WORK ITEM
The pictures get dropped, while every remaining part of the listing is copied exactly.

(Beginning of DATASET SECTION)

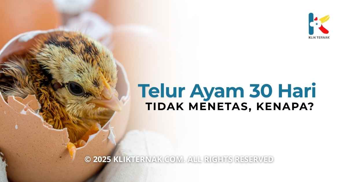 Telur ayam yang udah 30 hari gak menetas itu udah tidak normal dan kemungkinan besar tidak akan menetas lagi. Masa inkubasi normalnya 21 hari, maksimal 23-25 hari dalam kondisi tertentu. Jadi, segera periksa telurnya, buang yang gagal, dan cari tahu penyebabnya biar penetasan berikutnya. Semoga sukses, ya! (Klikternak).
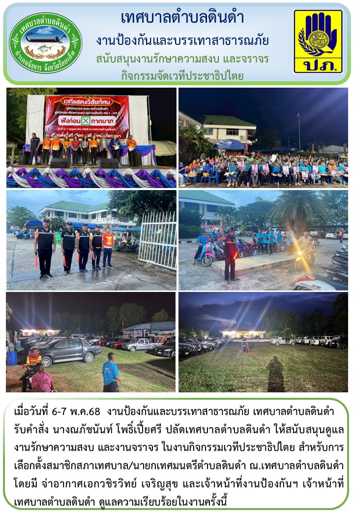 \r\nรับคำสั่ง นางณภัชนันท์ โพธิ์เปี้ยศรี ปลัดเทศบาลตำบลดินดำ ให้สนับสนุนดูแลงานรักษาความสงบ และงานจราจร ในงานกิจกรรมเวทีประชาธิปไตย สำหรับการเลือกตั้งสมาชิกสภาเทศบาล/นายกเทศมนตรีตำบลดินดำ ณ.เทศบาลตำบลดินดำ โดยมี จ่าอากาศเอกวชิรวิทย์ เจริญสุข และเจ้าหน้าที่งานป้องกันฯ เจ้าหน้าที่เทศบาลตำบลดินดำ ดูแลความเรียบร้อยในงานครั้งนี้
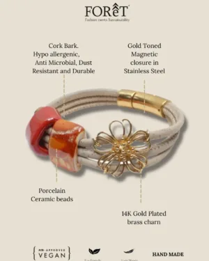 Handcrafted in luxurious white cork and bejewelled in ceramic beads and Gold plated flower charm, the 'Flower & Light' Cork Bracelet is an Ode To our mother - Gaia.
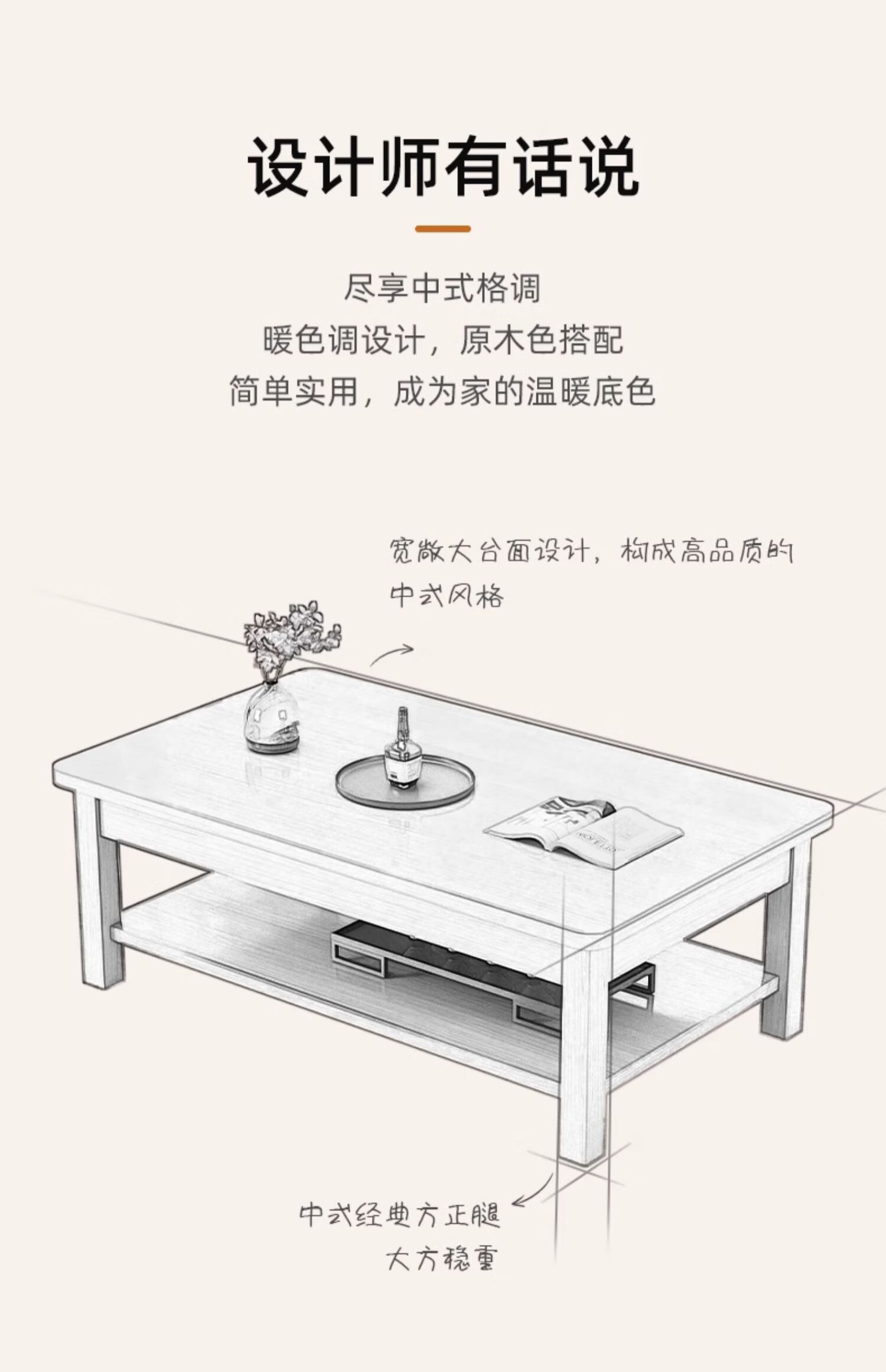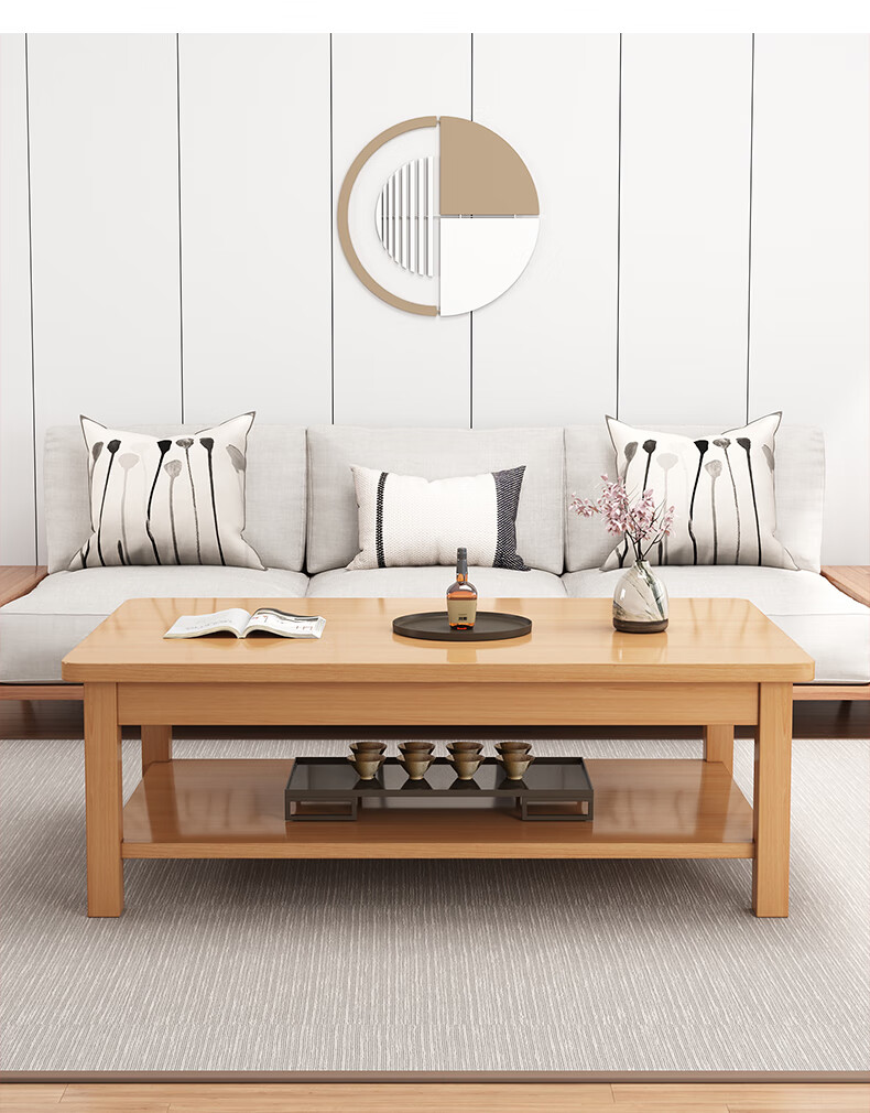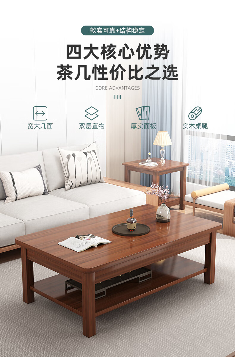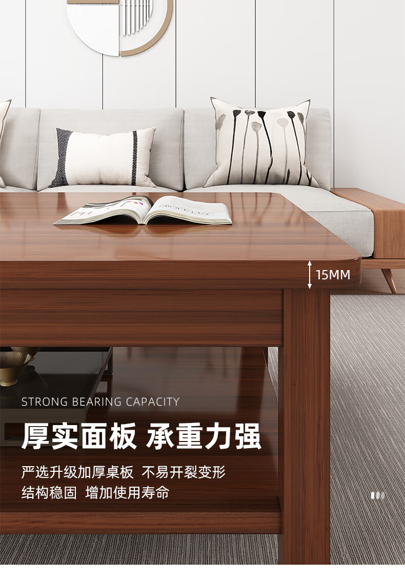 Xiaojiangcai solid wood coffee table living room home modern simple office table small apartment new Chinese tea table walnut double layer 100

(End of DATASET SECTION)

THE COMPLETED TASK
 Telur ayam yang udah 30 hari gak menetas itu udah tidak normal dan kemungkinan besar tidak akan menetas lagi. Masa inkubasi normalnya 21 hari, maksimal 23-25 hari dalam kondisi tertentu. Jadi, segera periksa telurnya, buang yang gagal, dan cari tahu penyebabnya biar penetasan berikutnya. Semoga sukses, ya! (Klikternak).
 \r\nรับคำสั่ง นางณภัชนันท์ โพธิ์เปี้ยศรี ปลัดเทศบาลตำบลดินดำ ให้สนับสนุนดูแลงานรักษาความสงบ และงานจราจร ในงานกิจกรรมเวทีประชาธิปไตย สำหรับการเลือกตั้งสมาชิกสภาเทศบาล/นายกเทศมนตรีตำบลดินดำ ณ.เทศบาลตำบลดินดำ โดยมี จ่าอากาศเอกวชิรวิทย์ เจริญสุข และเจ้าหน้าที่งานป้องกันฯ เจ้าหน้าที่เทศบาลตำบลดินดำ ดูแลความเรียบร้อยในงานครั้งนี้
 Handcrafted in luxurious white cork and bejewelled in ceramic beads and Gold plated flower charm, the 'Flower & Light' Cork Bracelet is an Ode To our mother - Gaia.
 Xiaojiangcai solid wood coffee table living room home modern simple office table small apartment new Chinese tea table walnut double layer 100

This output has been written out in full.